SUPPLIED RECORDS:
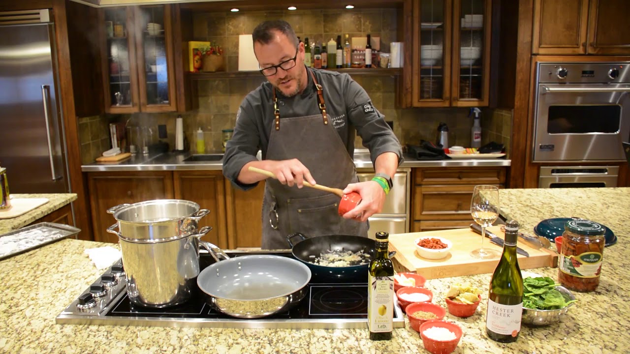 Join Chef Roger for a mini cooking class with homemade gnocchi in a tomato cream sauce, perfectly paired with the Hester Creek Old Vines Trebbiano.
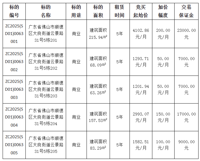 佛山市顺德区大良德良物业管理公司采用网上竞价方式出租位于佛山市顺德区大良街道云景路31号5栋201等5宗物业,欢迎符合资格的竞买人参与竞价。
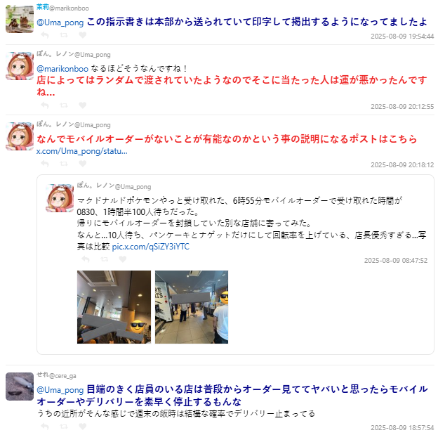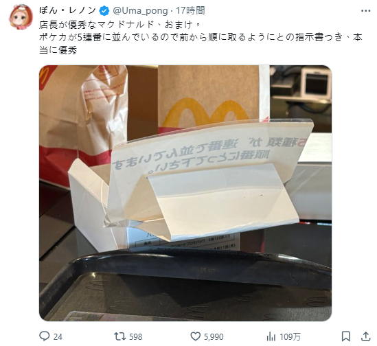 有網友分享,某家「神店長」麥當勞分店在活動期間祭出三大措施:封鎖手機點餐、停售蛋堡、關閉一台自助點餐機,讓現場排隊人數最多僅 10 人,與其他動輒百人長龍的分店形成強烈對比。該店更將寶可夢卡片依序排好,貼上指示讓顧客依號碼順序自行領取,避免混亂。
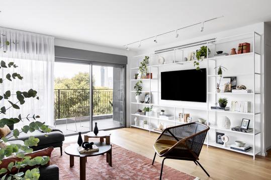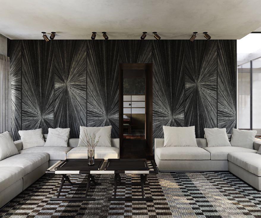 For the living room, the designers opted to add some geometric graphics and use neutral tones between black and white. One of the walls is revamped with Flash
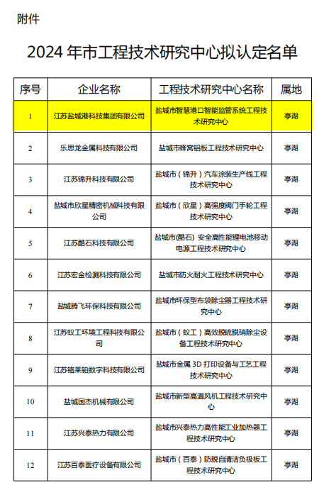近日,鹽城市科學技術局發布了《關于2024年鹽城市工程技術研究中心認定名單》,其中科技集團成功入選,被認定為“鹽城市智慧港口智能監管系統工程技術研究中心”。這一榮譽標志著科技集團在智慧創新領域上又邁出了堅實的步伐。
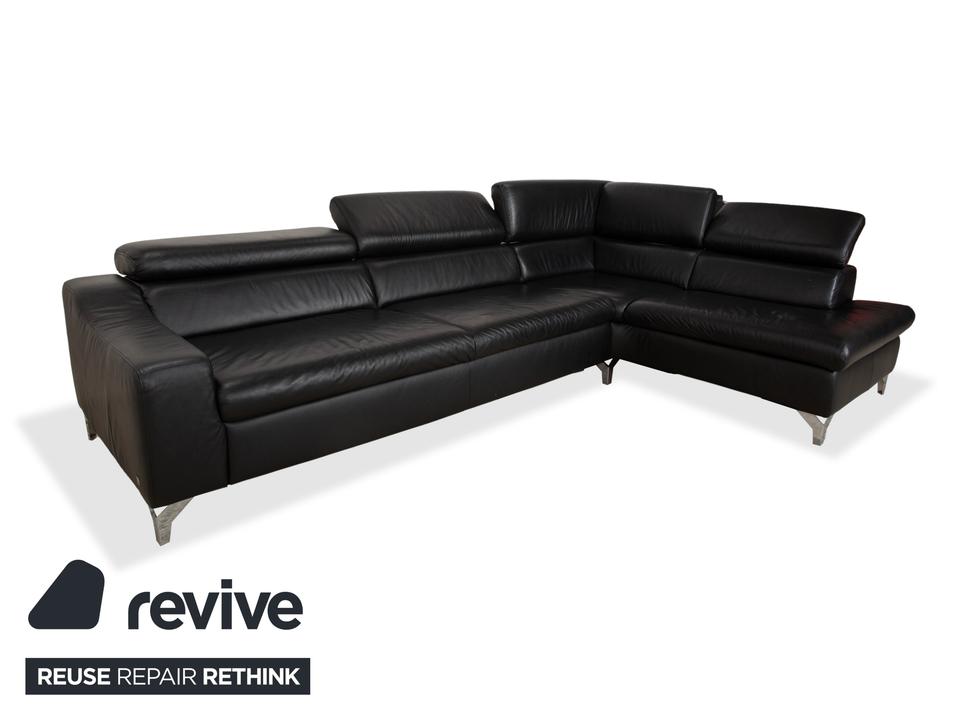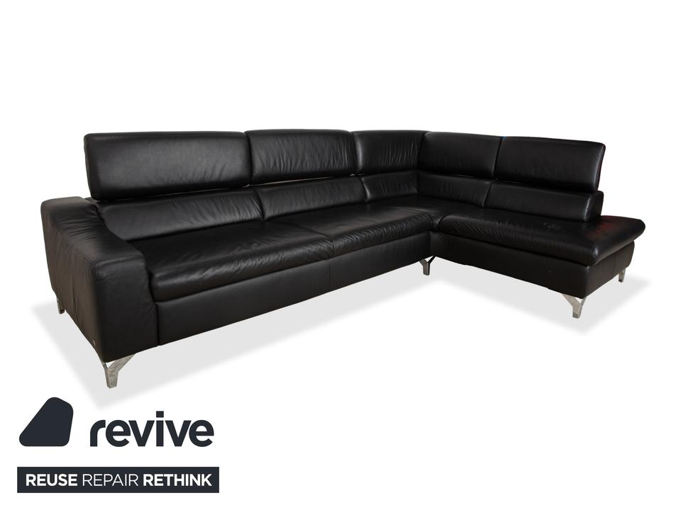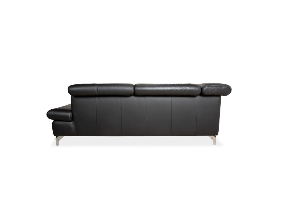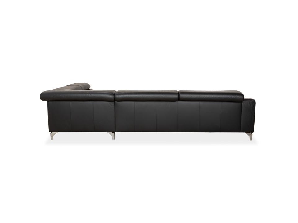 Das Musterring MR 4775 ist ein Ecksofa für alle, die klare Formen und echten Komfort schätzen. Der schwarze Echtlederbezug wirkt modern und zeitlos, während die verstellbaren Kopfstützen für individuellen Sitzkomfort sorgen. Solide verarbeitet mit stabilem Metallfüßen in Chromoptik und hochwertiger Polsterung bietet das Sofa eine langlebige Basis für den Alltag – ob zum Entspannen, Lesen oder Zusammensitzen.
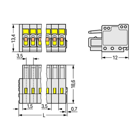 1-conductor female plug; 100% protected against mismating; 1.5 mm²; Pin spacing 3.5 mm; 18-pole; 1,50 mm²; light gray Wago
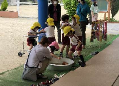 今日で保育参加が終わりました。参加された保護者から、「一人一人がとても楽しそうでした」「泥遊び、水遊び、裸足など感触を味わっているのがよかった」「活動の様子をホームページで見ていますが、実際に一緒に遊んだことで、より分かりました」「次回はいつなのかな・・と今から楽しみです」など好評的な感想をいただきました(^^)
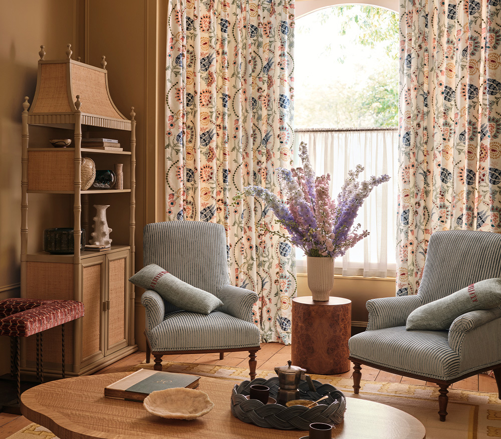 A celebration of expressive design and joyful decoration, the Canya collection captures the spirited charm that defines Jane Churchill. Rich in colour and layered with detail, these luxurious fabrics feature a vibrant interplay of prints and embroidery, each one brimming with artistic character.
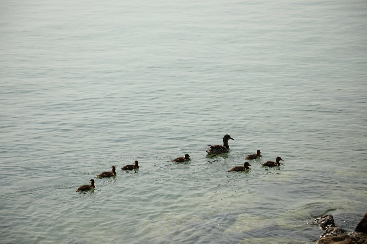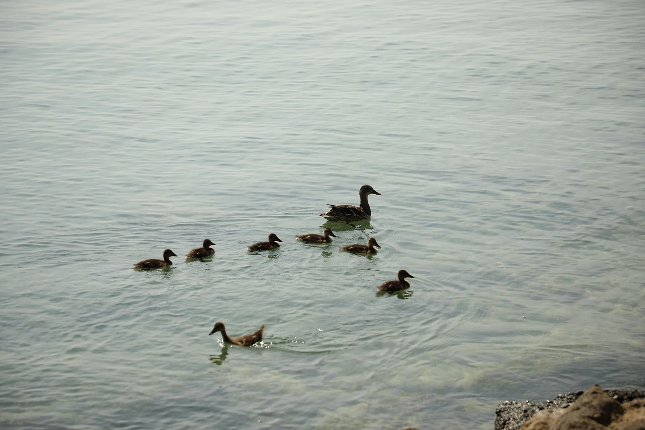 일곱 마리 아기 오리들이 착하게 엄마 오리를 줄줄이 따르고 있다.
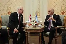 - Prime Minister of Greece, Kostas Karamanlis, met with his Prime Minister of Croatia, Ivo Sanader, in Thessaloniki on October 21, 2004 on the occasion of the Congress of Orthodox Churches and the Congress of European Peoples Parties.
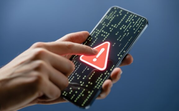 Person holding a smartphone with a security alert, virus warning, or system error notification on the screen

ASSIGNED TASK: Copy the lines exactly as they appear from the opening of the entries above through the line with "佛山市顺德区大良德良物业管理", excluding all pictures.

EXERCISE RESPONSE:
 Join Chef Roger for a mini cooking class with homemade gnocchi in a tomato cream sauce, perfectly paired with the Hester Creek Old Vines Trebbiano.
 佛山市顺德区大良德良物业管理公司采用网上竞价方式出租位于佛山市顺德区大良街道云景路31号5栋201等5宗物业,欢迎符合资格的竞买人参与竞价。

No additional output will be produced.